Synchronization is incremental by default — only changes since the last sync. Full snapshot synchronization is available as a recovery fallback.
Six Conflict Resolution Strategies
Two devices modify the same record during a disconnection. When they reconnect, which version wins?
The answer depends on what the data is:
| Strategy | Data Types | Logic |
|---|---|---|
| Append both | Vital signs, handoffs, dispensing records | Immutable events — keep both versions |
| Newest wins | Patient demographics | Compare timestamps, most recent update prevails |
| Hub wins | Registrations, prescriptions, surgery records | The clinical system (Hub) is authoritative |
| Sum both | Inventory quantities | Add both sides' consumption together |
| Always block | Blood products, controlled substances | Never auto-resolve — require human verification |
| On-site wins | Equipment status | The operator physically present takes precedence |
The most notable strategies:
Sum both for inventory: The Hub consumed 5 bandages, the Spoke consumed 3. The correct answer is not "whoever updated last" — that would erase one side's consumption. The correct answer is 5 + 3 = 8 consumed.
Always block for blood products: A blood unit marked as "issued" on both stations simultaneously cannot be resolved by any automated rule.
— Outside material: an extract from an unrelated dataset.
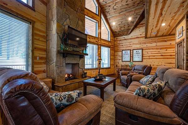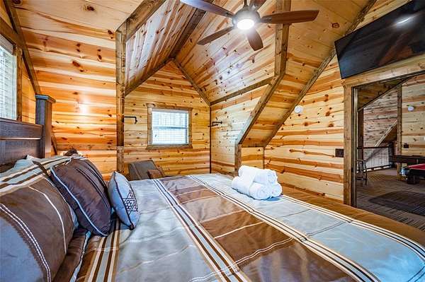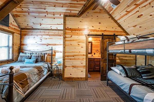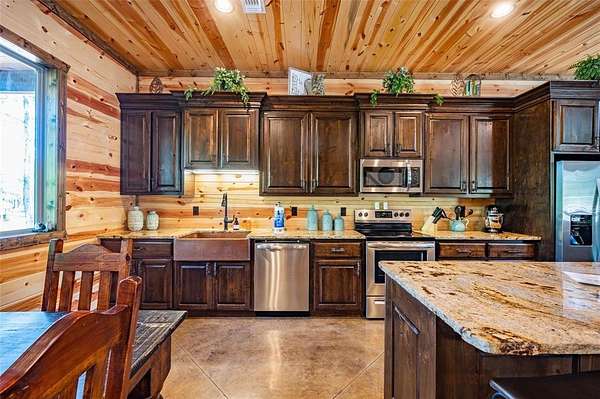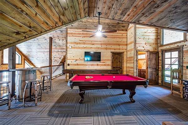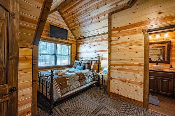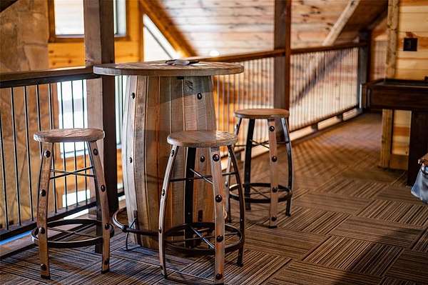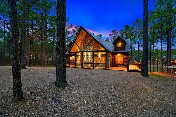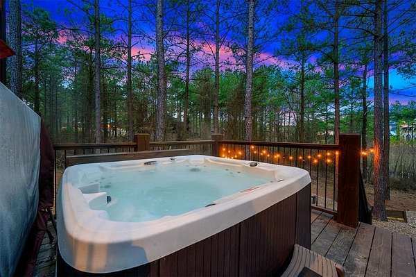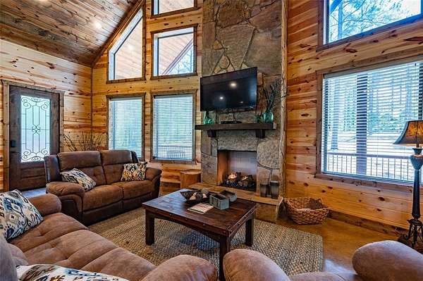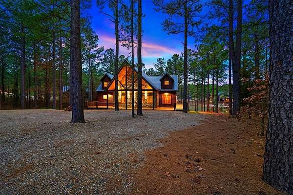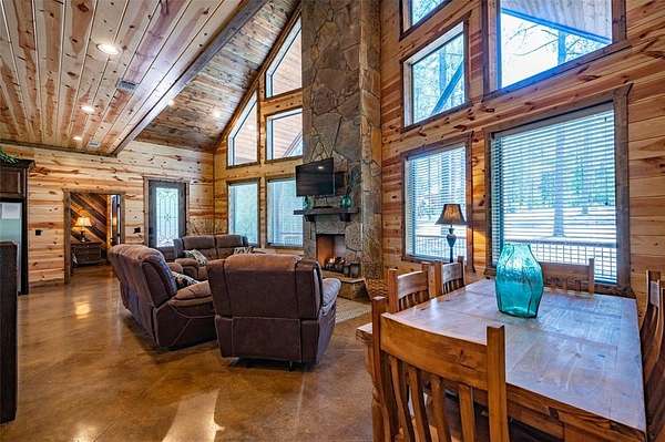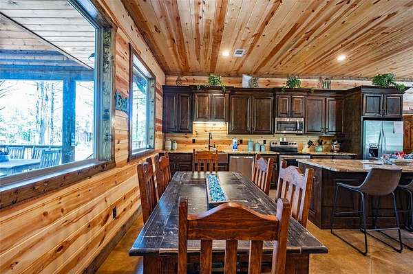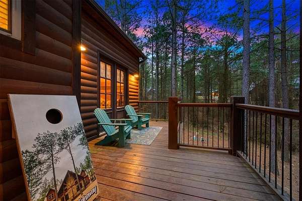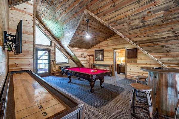 Lake View Hideaway cabin is located on a gorgeous pond, surrounded by towering, mature pines and smooth, wide, asphalt roads make this development the place everyone wants to be. Lake View Hideaway is a LUXURY vacation cabin in Beavers Bend that features a private dock on the Pine Hill Pond, 3 bedrooms with king size beds, 1 bedroom with a set of queen over queen bunk beds plus another queen bed. Maximum occupancy 16. Each downstairs bathroom has stylish vessels, rich granite, custom walk-in tile showers and the master has a hammered copper soaking tub. Both upstairs bathrooms have tubs with tile surrounds, vessel sinks and granite counters. The two upstairs bedrooms are separated by a loft with pub table and a sofa. The loft also includes a pool table, shuffleboard, and retro video arcade cocktail table. The arcade has 60 games including: Mrs. Pacman, Galaga, Frogger and many more. The loft opens to a balcony with an awesome view of the water. As with the best cabins in Beavers Bend, the kitchen is complete with beautiful granite counter tops, stainless appliances and a hammered copper, farmhouse sink. The island offers additional barstool seating for four guests and transitions into the dining area. Family dining is a luxury while vacationing in Beavers Bend. You will want to relax outdoors and enjoy the peaceful sounds of the wilderness. The back patio has a gas fireplace and views of the Pine Hill Pond every which way you look! Fire up the gas grill and let the grill meister of your group impress you with their BBQ skills. The hot tub is on the deck just off the back patio and is big enough for 6-7. If you prefer a little activity, there is a corn hole/ladder ball game and a horseshoe pit. The kids will enjoy the outdoor playground fort. Gross Rental Income for 2022 $157,373. Gross Rental Income for 2023: $134,502. $93,000 booked through May 2024. Take a tour by viewing the walkthrough video. For a YouTube walk through video, contact the Listing Agent

Someone needs to physically verify where that blood unit actually is. The system flags the conflict and waits for a human decision.
Failover: Three Strikes
The Hub checks the Spoke's health every 30 seconds. Three consecutive failures (90 seconds of non-response) trigger a reclassification of the Spoke as disconnected.
If a backup Hub has been configured, the Spoke automatically redirects to it. But returning to the primary Hub after recovery is deliberately manual. Automatic failback sounds convenient, but in a disaster, unexpected transitions are dangerous. An operator must confirm the primary Hub is genuinely stable before switching back.
Station Consolidation: When a Site Evacuates
When a station must evacuate, its data needs to merge into a surviving station. Four merge modes handle different scenarios:
- Full merge: All data flows into the target station
- Partial merge: Only selected resource categories transfer
- Backup import: Restore from a portable backup
- Emergency close: Station shutdown with complete data preservation
Every merge records exactly what moved: how many inventory items, blood products, equipment records, and surgery records transferred. This audit trail answers the post-disaster question that always arises: "When that station evacuated, where did everything go?"
Surgeries in progress during evacuation receive a special status — Interrupted — distinct from Completed or Cancelled. A surgery halted because of incoming danger requires different follow-up than one that finished normally or was electively cancelled.
Software Updates: Controlled, Never Automatic
The Hub has internet access and can receive remote update pushes. The Spoke does not — its updates are relayed through the Hub via the internal network.
The process is controlled. Updates never auto-apply — an operator confirms deployment to each station. In a disaster environment, you do not want the system to change behavior without an explicit human decision. Automatic updates are convenient, but they are also an uncontrolled variable. Stability always takes priority over new features.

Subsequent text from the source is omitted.